*Information provided*
=== Begin Enclosure ===

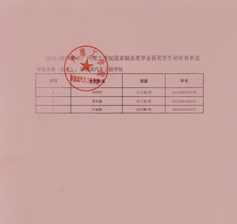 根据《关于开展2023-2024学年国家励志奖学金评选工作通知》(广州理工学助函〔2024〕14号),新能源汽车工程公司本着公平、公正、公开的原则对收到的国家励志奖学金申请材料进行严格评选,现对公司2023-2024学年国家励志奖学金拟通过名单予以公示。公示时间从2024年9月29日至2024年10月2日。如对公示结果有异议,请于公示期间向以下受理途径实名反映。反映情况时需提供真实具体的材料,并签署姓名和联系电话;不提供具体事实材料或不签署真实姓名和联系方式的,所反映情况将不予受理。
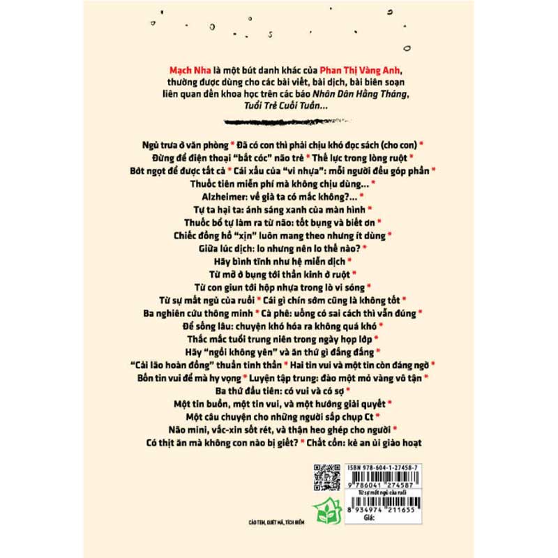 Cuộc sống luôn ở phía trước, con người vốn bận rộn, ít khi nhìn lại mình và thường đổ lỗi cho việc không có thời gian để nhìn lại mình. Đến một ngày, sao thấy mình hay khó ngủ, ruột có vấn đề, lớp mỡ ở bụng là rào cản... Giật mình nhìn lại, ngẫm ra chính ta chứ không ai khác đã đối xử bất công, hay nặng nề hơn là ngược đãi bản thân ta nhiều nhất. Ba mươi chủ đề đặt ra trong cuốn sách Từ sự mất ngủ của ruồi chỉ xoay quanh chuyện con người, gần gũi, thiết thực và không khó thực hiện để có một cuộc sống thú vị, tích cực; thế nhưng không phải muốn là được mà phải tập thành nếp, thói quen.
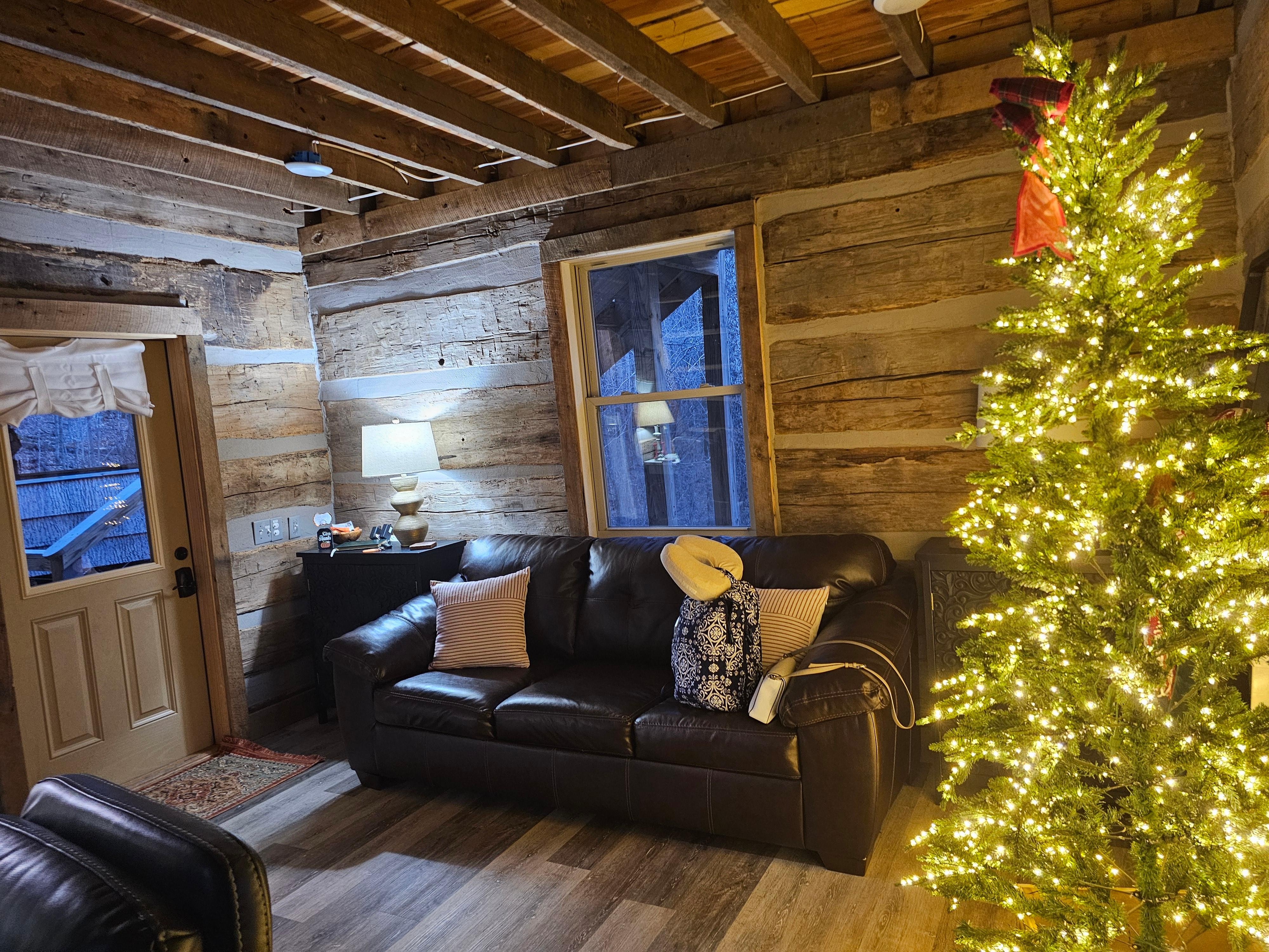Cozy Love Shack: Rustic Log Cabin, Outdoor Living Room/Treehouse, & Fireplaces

=== End Enclosure ===
=== Begin Enclosure ===

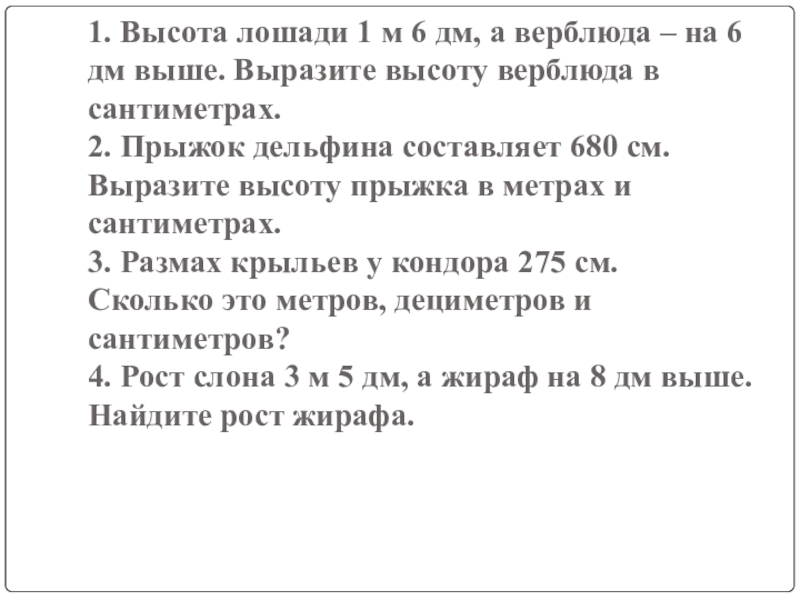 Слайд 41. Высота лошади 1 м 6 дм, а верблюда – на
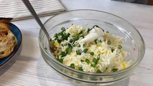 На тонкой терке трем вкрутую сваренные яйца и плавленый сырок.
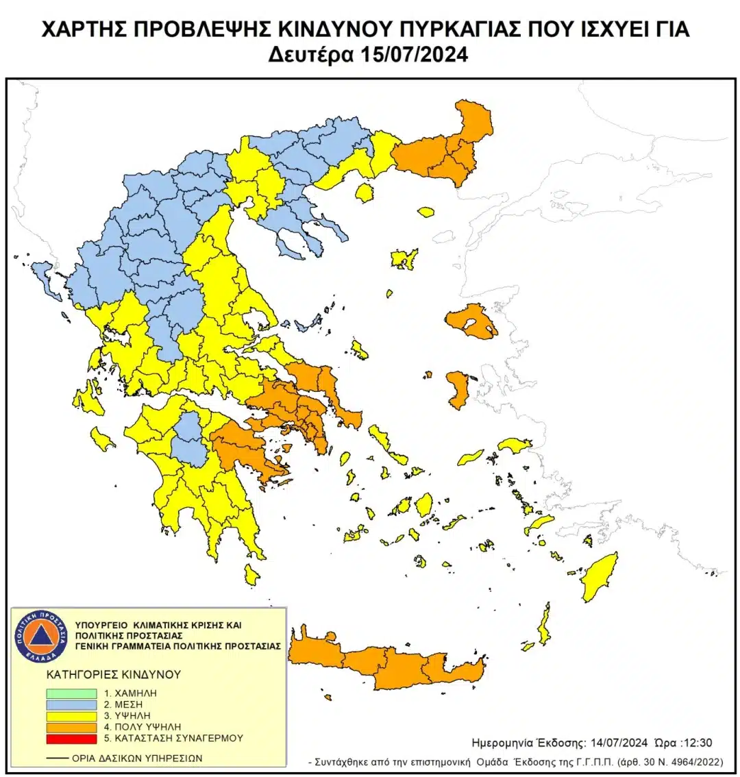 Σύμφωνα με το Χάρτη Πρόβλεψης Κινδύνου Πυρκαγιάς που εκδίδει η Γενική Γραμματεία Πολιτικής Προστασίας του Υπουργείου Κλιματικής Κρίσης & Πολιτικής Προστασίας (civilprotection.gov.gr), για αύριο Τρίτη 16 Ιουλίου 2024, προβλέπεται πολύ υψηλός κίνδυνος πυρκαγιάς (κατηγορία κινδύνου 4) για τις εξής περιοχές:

=== End Enclosure ===
=== Begin Enclosure ===

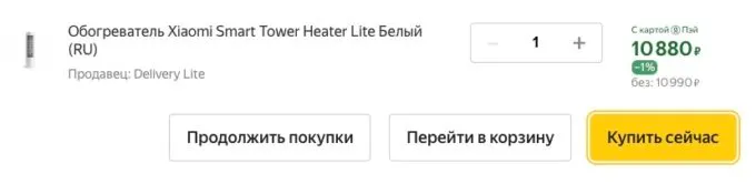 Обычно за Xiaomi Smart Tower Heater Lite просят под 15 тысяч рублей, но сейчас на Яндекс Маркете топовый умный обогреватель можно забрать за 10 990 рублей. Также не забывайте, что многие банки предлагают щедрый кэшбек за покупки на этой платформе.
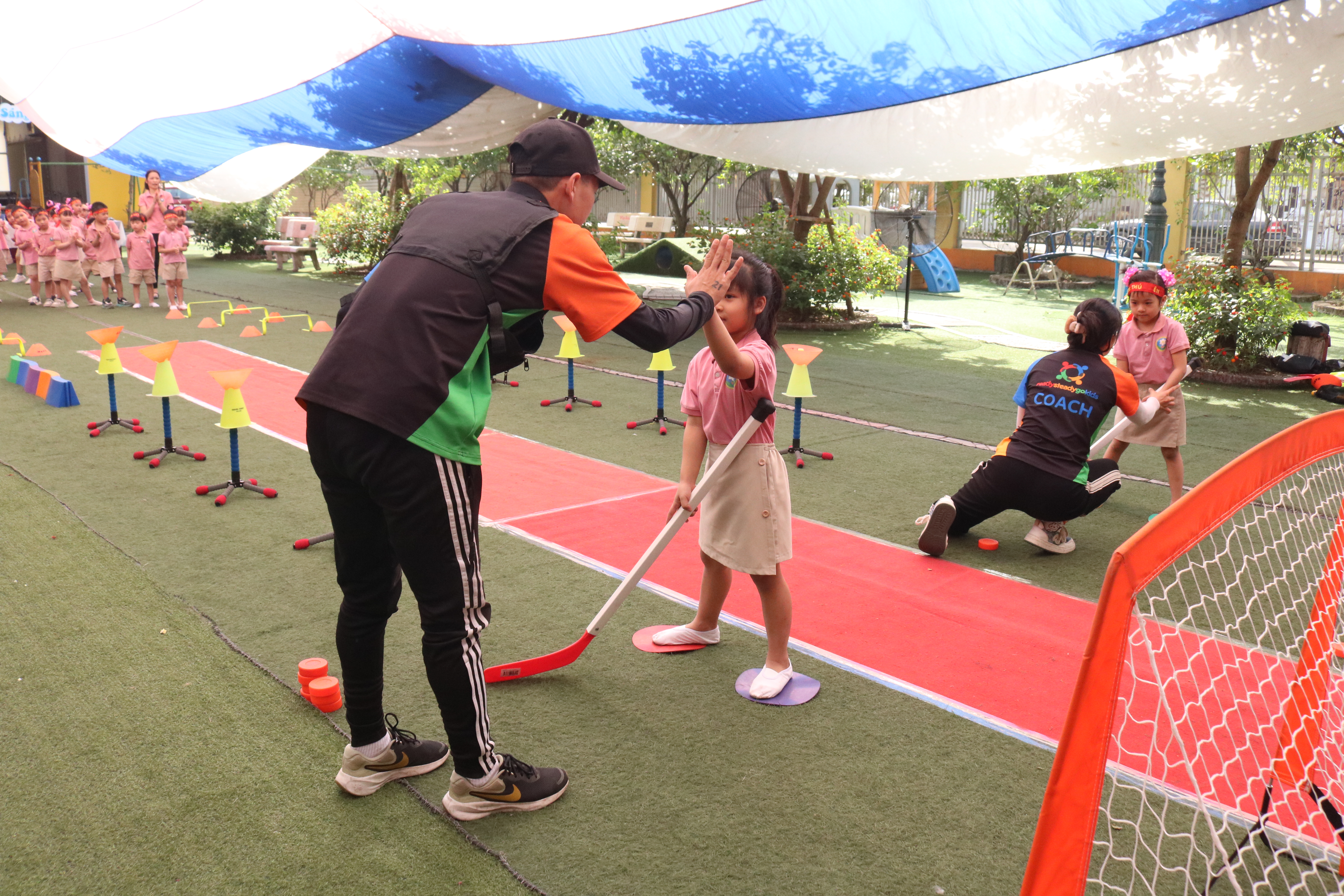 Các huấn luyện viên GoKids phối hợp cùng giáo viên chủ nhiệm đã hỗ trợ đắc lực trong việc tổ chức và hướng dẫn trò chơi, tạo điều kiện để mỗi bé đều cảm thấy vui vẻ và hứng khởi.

=== End Enclosure ===

*About this task*
Both boundary lines included, write out word for word only the lines above from the one containing "根据《关于开展2023-20" to the one containing "Cozy Love Shack: Rustic", leaving out any pictures.

*Finished task*
 根据《关于开展2023-2024学年国家励志奖学金评选工作通知》(广州理工学助函〔2024〕14号),新能源汽车工程公司本着公平、公正、公开的原则对收到的国家励志奖学金申请材料进行严格评选,现对公司2023-2024学年国家励志奖学金拟通过名单予以公示。公示时间从2024年9月29日至2024年10月2日。如对公示结果有异议,请于公示期间向以下受理途径实名反映。反映情况时需提供真实具体的材料,并签署姓名和联系电话;不提供具体事实材料或不签署真实姓名和联系方式的,所反映情况将不予受理。
 Cuộc sống luôn ở phía trước, con người vốn bận rộn, ít khi nhìn lại mình và thường đổ lỗi cho việc không có thời gian để nhìn lại mình. Đến một ngày, sao thấy mình hay khó ngủ, ruột có vấn đề, lớp mỡ ở bụng là rào cản... Giật mình nhìn lại, ngẫm ra chính ta chứ không ai khác đã đối xử bất công, hay nặng nề hơn là ngược đãi bản thân ta nhiều nhất. Ba mươi chủ đề đặt ra trong cuốn sách Từ sự mất ngủ của ruồi chỉ xoay quanh chuyện con người, gần gũi, thiết thực và không khó thực hiện để có một cuộc sống thú vị, tích cực; thế nhưng không phải muốn là được mà phải tập thành nếp, thói quen.
Cozy Love Shack: Rustic Log Cabin, Outdoor Living Room/Treehouse, & Fireplaces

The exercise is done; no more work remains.